In a 2010 interview Banks said, "Stretch and Bobbito gave us our first shot, beyond just being local, and I've always had the utmost respect towards them for that. They gave us an open door. We didn't need to call ahead or anything. If we wanted to go to the station all we had to do was show up and we were always added to whatever they happened to be doing that night."

In December 1992 the group was featured in the "Unsigned Hype" column in The Source Magazine. In early 1993, Total Pack was signed to Columbia Records. At that time, the group was briefly managed by Sandy Griffin and later by MC Serch, who also was managing Nas, another Stretch Armstrong and Bobbito Show regular who had recently signed to Columbia. The group worked in the studio with producer Charlie Morotta, who knew each other from Total Pack's brief association with the Hit Squad and K-Solo.

During this period, Total Pack traveled and performed in live showcases that included artists from MC Lyte to The Notorious B.I.G. to Wu-Tang Clan. When the Columbia deal collapsed a year later, Banks and Wize parted ways. None of the Total Pack material recorded for Columbia would be released, but live radio versions of songs like "Dead Man's Theory" and "Freak the Notes" have circulated in the underground.

In 1994 Banks signed, without Wize, with Wild Pitch Records, under the CeStyle and Total Pack names. For the Wild Pitch project, Banks worked again with producer Charlie Morotta. This incarnation of Total Pack was given full-page coverage in the October 1995 issue of Rap Pages magazine, also featuring Eguan, who would later be a member of Korp Dynasty. Wild Pitch released two Total Pack songs on the 1994 cassette compilation Wild Pitch Blends, which also featured Gang Starr and O.C. The song "What's the Deal" was about Banks's recent experiences in the music business. The Wild Pitch Total Pack deal was dissolved in the wake of the label losing its distribution agreement with EMI.

==Later musical career==
Following the Wild Pitch Records experience, Banks performed and recorded under the CeStyle moniker for several more years. He formed a group called Korp Dynasty (a.k.a. The Korp), partnering with Hollis crew Eguan, Legacy, and others. The Korp released a handful of songs in association with Stretch Armstrong and Dolo Records, including appearances on the Armstrong compilations Lesson 1 (1997) and Lesson 2 (1998). The Korp also had a 12" single release through Plasma Records.

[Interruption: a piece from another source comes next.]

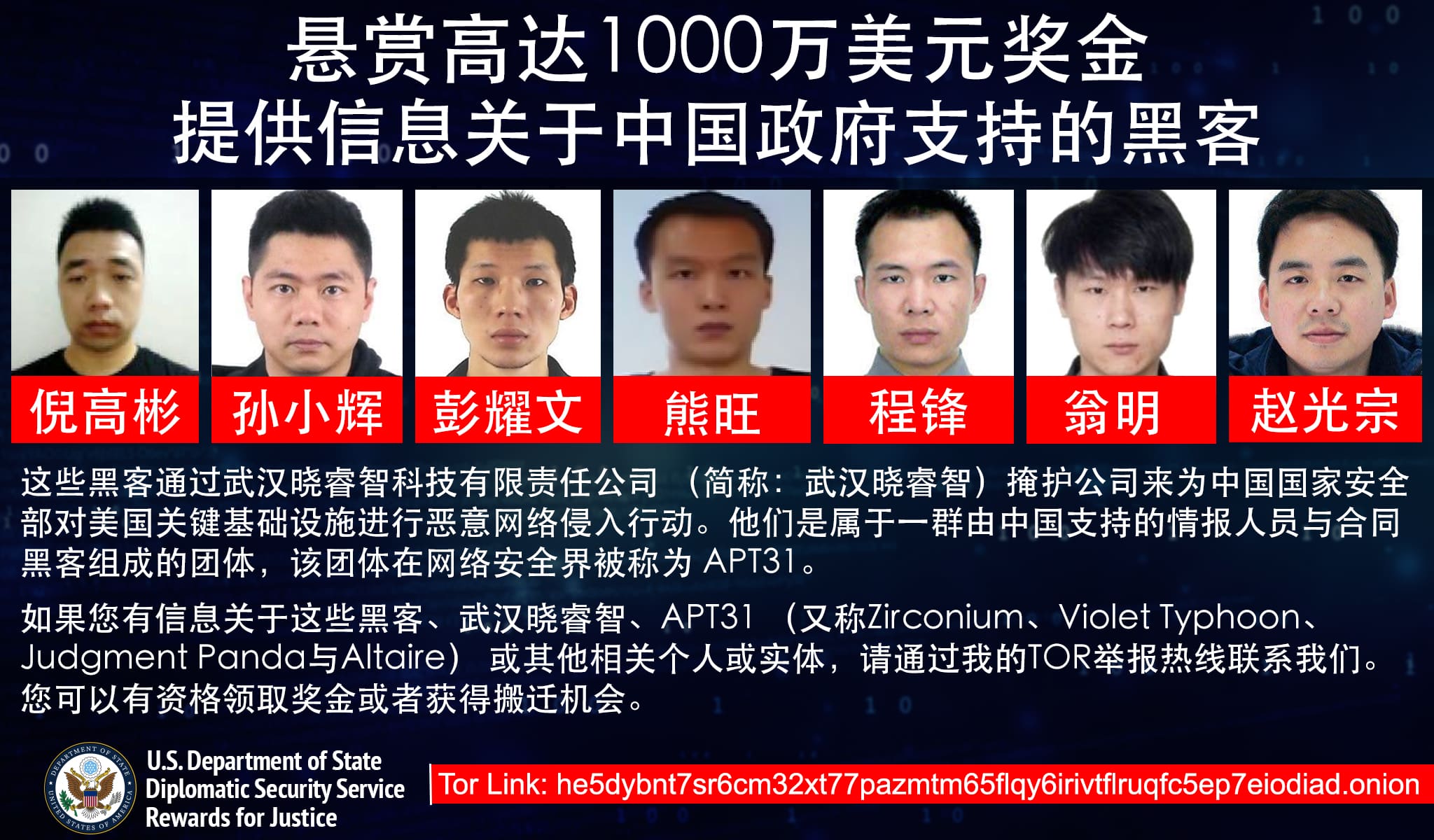 Anyone with information on APT31, Wuhan XRZ, Cheng Feng, Ni Gaobin, Peng Yaowen, Sun Xiaohui, Weng Ming, Xiong Wang, and Zhao Guangzong, or their malicious cyber activity should contact Rewards for Justice via the Tor-based tips-reporting channel at: he5dybnt7sr6cm32xt77pazmtm65flqy6irivtflruqfc5ep7eiodiad.onion (Tor browser required).

In 2014 Banks hosted a streaming Internet radio show called #HoffaAtchaIKEBoy Radio Show, on which Banks interviewed several Hip hop artists including Big Daddy Kane, Prince Po, MC Shan, Grand Daddy I.U., Kangol Kid, Mr Cheeks, and Grand Wizzard Theodore.

Banks released one self-produced album under the name CeStyle, Amnesia. He later changed his performing name to Corey Drumz, and for a period circa 2004, to IKEBoy of Iron Klad Entertainment. Since that period, Banks has mainly performed and released music under the Corey Drumz name, including the album LSB963 (2020) and the songs "Soul’d Off" (2020) and "Purple" (2021).

Corey Banks continues to work as a musical artist and is currently living in Los Angeles, California.